Pastor Bill Devin, who claimed he was the original P. Diddy, a card-carrying registered Democrat, and a member of the NAACP, peppered his remarks with colloquialisms designed to show his bona fides, including “somewhere up in heah” and “Ya’ll go make me lose my mind, up in here, up in here” from the Rapper DMX. There was even a rap group that performed, Hi Caliber — ostensibly to show how hip the Tea Party movement is.
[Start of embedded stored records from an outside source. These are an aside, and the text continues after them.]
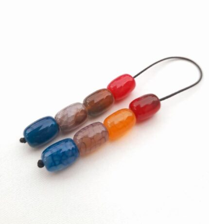 Μπεγλέρι από  αχάτη ταγέ, ίασπη, αχάτη, κουάρτζ και αιματίτη. Συνολικό μήκος: 21cm (με όλο το σχοινάκι) Βάρος: 21g Πάχος χαντρών:
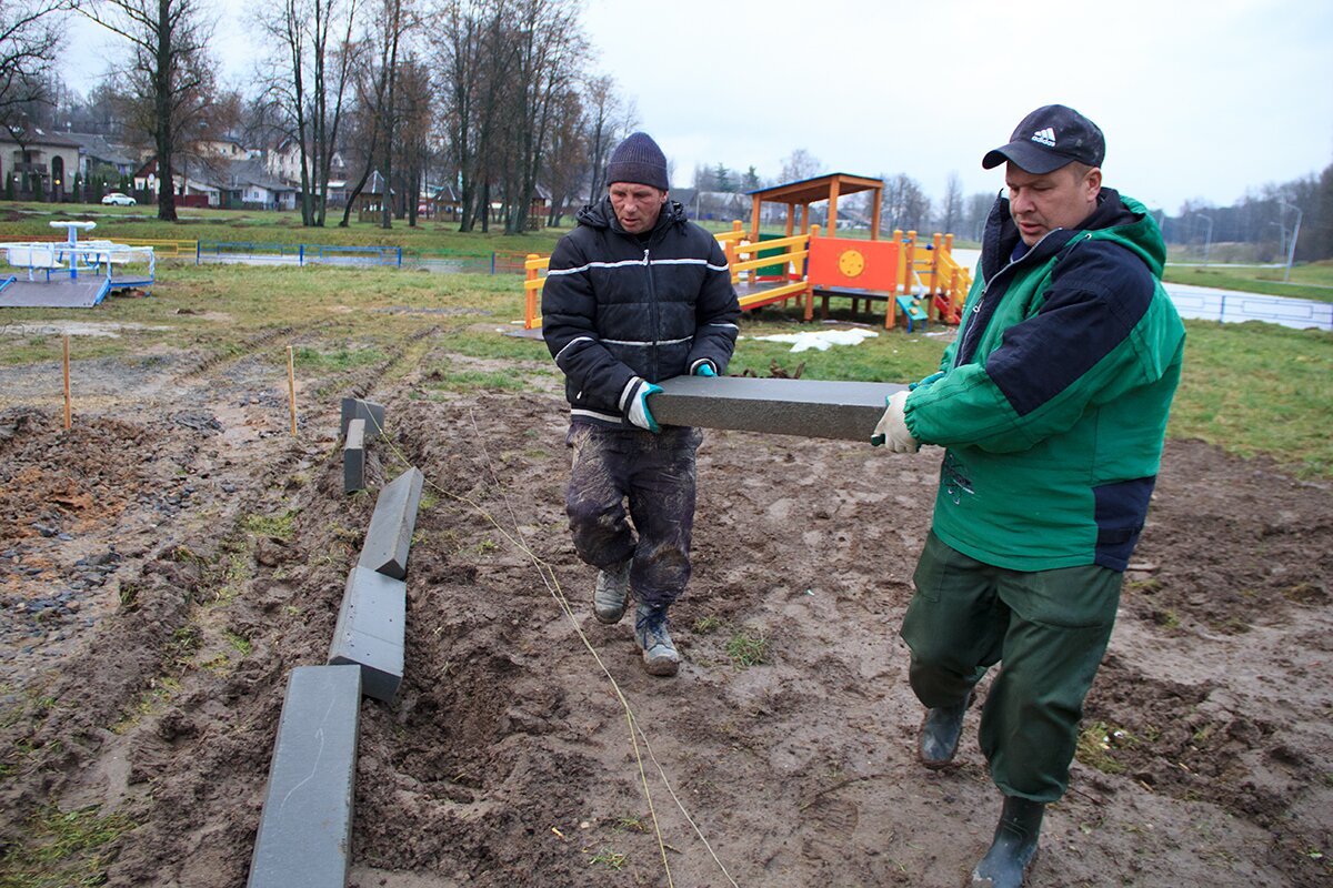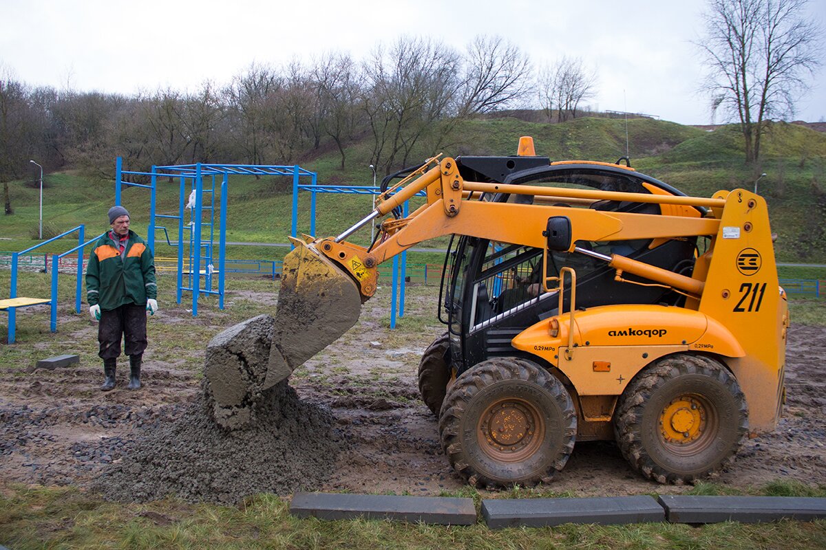 Несмотря на то, что 7 ноября - выходной, на объекте трудятся рабочие: обустраивают пешеходные дорожки, устанавливают лавочки.
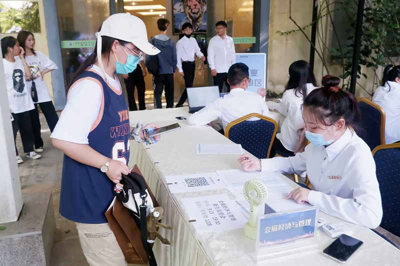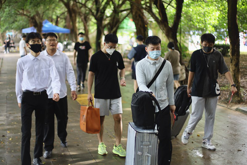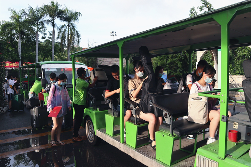 凤凰木上停留着蜻蜓,玻璃瓶里插满小小森林,青春嫩绿得很鲜明。旅酒学院2020级新生于9月12日上午在白鹭苑陆续报到,白茶清欢无别事,我们在等风也在等你。
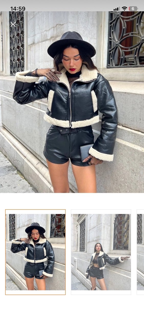 Kürklü Siyah Deri Crop Ceket
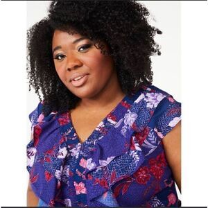 Sofia Vergara Top Womens XXL Blue Pink Floral Sleeveless Ruffle Blouse
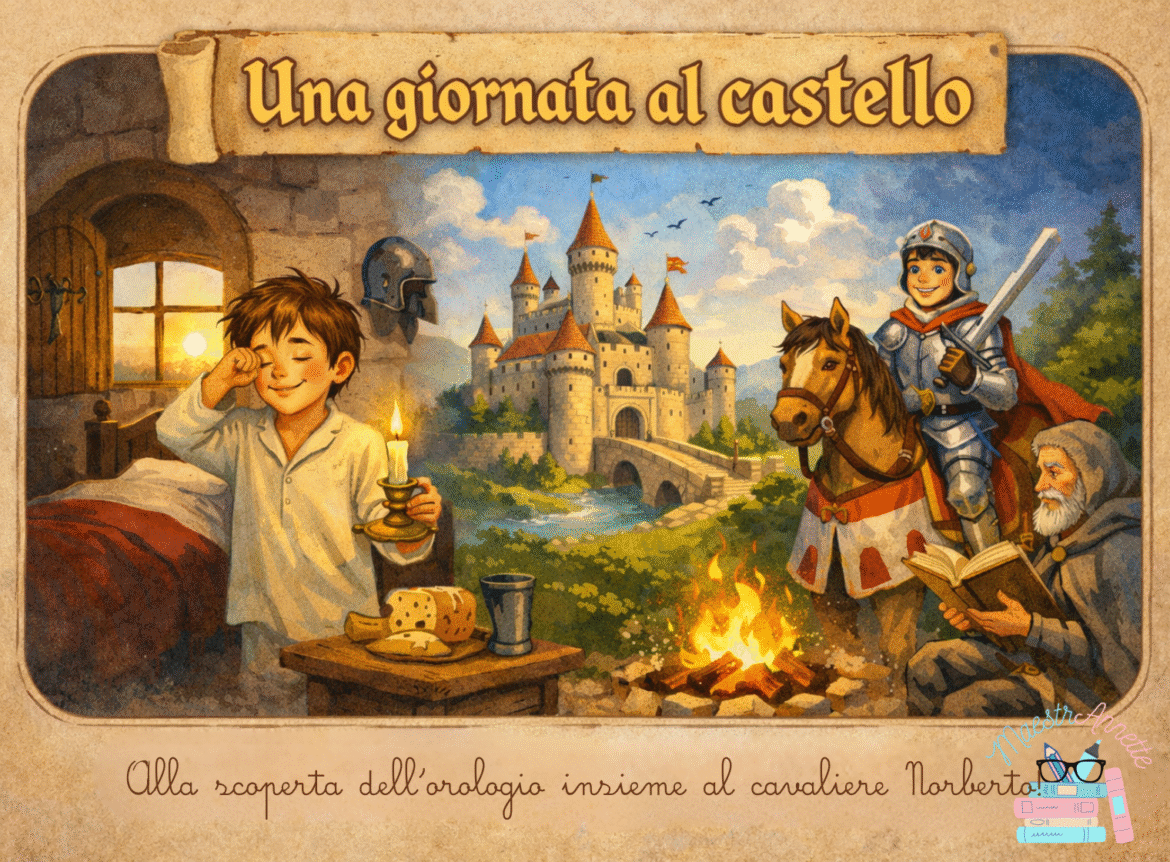 Questo materiale nasce per aiutare i bambini a leggere l’orologio in modo significativo, attraverso una storia coinvolgente ambientata nel Medioevo.
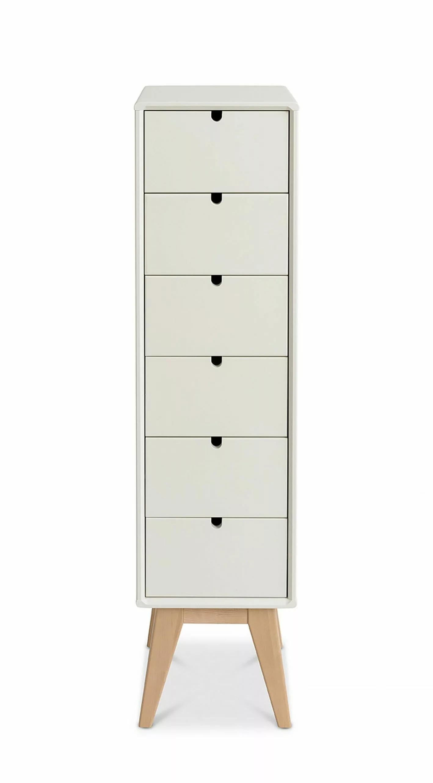 Kiteen huonekalutehtaan Notte sarja on kaunis, muodoltaan hieman retrotyylinen huonekalumallisto. Notte korkea lipasto on kapea, minkä ansiosta se mahtuu pieneenkin tilaan tuoden paljon säilytystilaa kotiin.
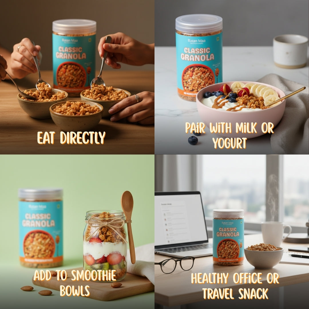 Ratanmaa Classic Granola brings you the wholesome crunch of oats, nuts, and seeds — crafted with pure, natural ingredients and no added preservatives. Lightly sweetened with jaggery and blended with creamy peanut butter, this granola delivers balanced nutrition + irresistible taste, making it perfect for both snacking and breakfast.

Speakers consistently made racial references, all while claiming the Tea Party is not racist. Breitbart’s speech referenced Mary Frances Berry, but managed to artfully dodge speaking about his hack editing job of Shirley Sherrod’s speech. He then went on to discuss his own conversion experience to conservatism by watching the Clarence Thomas Supreme Court nomination hearings. In Breitbart’s world, the media was at fault for “skewering” Thomas, who was an American hero for working his way through the ranks. Somehow, though, Breitbart’s speech did not move me to bow at the altar of the Tea Party.
With all the back-biting, name calling, and posturing regarding race and who is really racist, I really couldn’t see anything different about the Uni-Tea group than the Tea Party movement writ large. The crowd was mostly white, the rhetoric was loud, and speakers consistently referenced race and racism while offering rudimentary repudiations of racism.
What I am interested in, however, were the plentiful references to religion. It makes me believe that the tea partiers have a tacit understanding that in order to gain a more inclusive movement, lip service will need to be paid to religion in order to bring the “poor benighted masses” at the mercy of the government along. If that is the case, they have a lot of missionary work to do.